[Data extracted from a collection]
═══
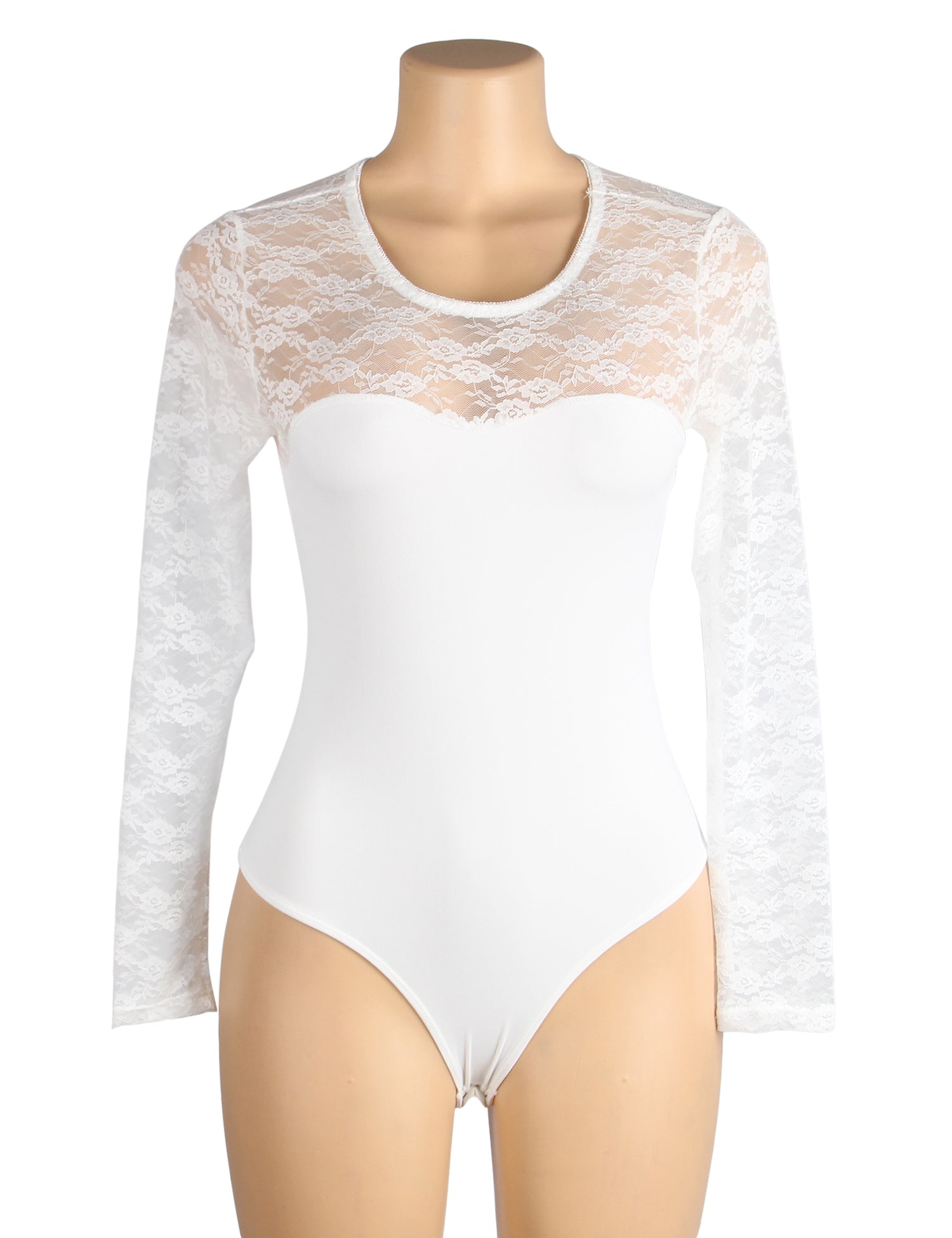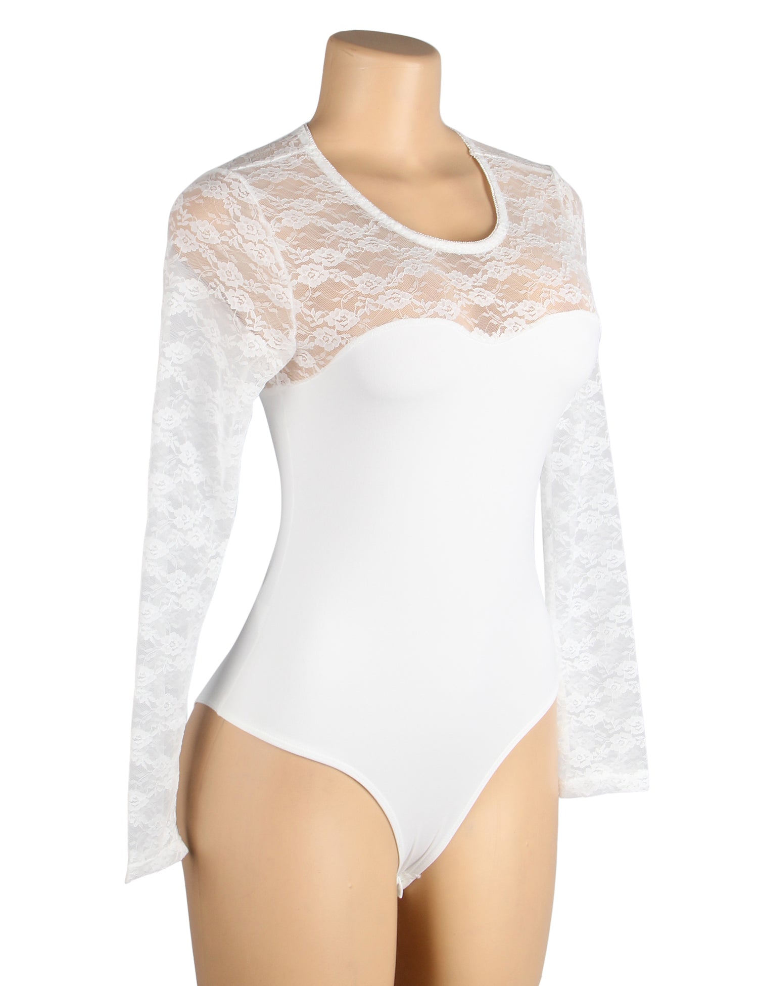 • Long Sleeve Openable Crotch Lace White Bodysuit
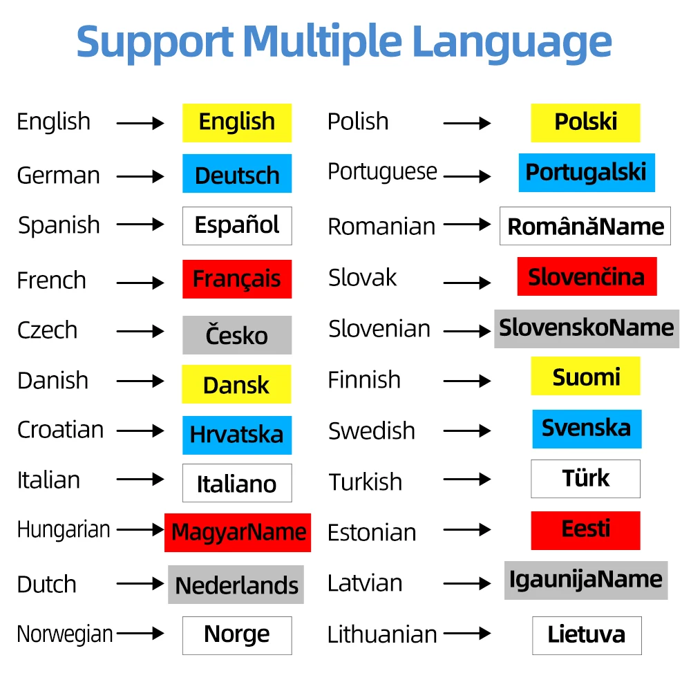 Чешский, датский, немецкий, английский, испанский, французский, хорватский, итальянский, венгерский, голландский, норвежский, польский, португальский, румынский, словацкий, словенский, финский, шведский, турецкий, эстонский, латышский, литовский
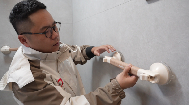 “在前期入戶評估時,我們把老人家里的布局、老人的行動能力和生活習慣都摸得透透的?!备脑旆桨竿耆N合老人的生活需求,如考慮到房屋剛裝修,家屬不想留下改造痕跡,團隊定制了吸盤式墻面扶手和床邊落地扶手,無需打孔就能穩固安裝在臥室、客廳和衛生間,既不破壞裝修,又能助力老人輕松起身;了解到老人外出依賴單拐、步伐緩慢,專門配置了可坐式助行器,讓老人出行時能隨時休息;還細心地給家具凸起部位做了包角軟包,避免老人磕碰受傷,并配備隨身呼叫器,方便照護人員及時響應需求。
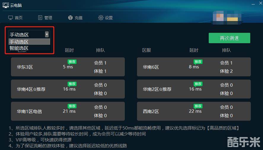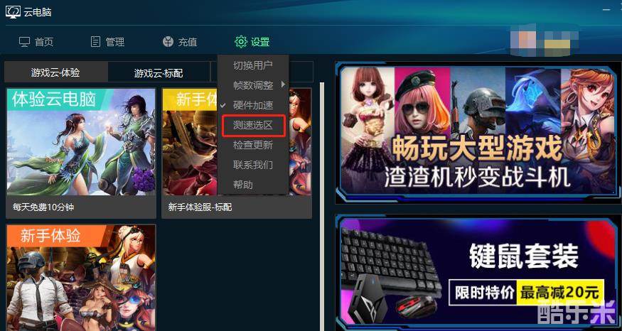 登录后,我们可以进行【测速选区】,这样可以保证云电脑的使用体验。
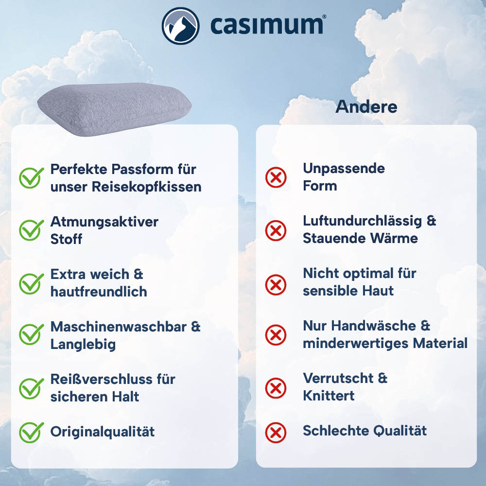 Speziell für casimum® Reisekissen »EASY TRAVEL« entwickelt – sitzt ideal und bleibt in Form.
═══
• [Task brief]:
A verbatim copy of every entry above, with no pictures, is the expected output.

• [Result of this task]:
 • Long Sleeve Openable Crotch Lace White Bodysuit
 Чешский, датский, немецкий, английский, испанский, французский, хорватский, итальянский, венгерский, голландский, норвежский, польский, португальский, румынский, словацкий, словенский, финский, шведский, турецкий, эстонский, латышский, литовский
 “在前期入戶評估時,我們把老人家里的布局、老人的行動能力和生活習慣都摸得透透的?!备脑旆桨竿耆N合老人的生活需求,如考慮到房屋剛裝修,家屬不想留下改造痕跡,團隊定制了吸盤式墻面扶手和床邊落地扶手,無需打孔就能穩固安裝在臥室、客廳和衛生間,既不破壞裝修,又能助力老人輕松起身;了解到老人外出依賴單拐、步伐緩慢,專門配置了可坐式助行器,讓老人出行時能隨時休息;還細心地給家具凸起部位做了包角軟包,避免老人磕碰受傷,并配備隨身呼叫器,方便照護人員及時響應需求。
 登录后,我们可以进行【测速选区】,这样可以保证云电脑的使用体验。
 Speziell für casimum® Reisekissen »EASY TRAVEL« entwickelt – sitzt ideal und bleibt in Form.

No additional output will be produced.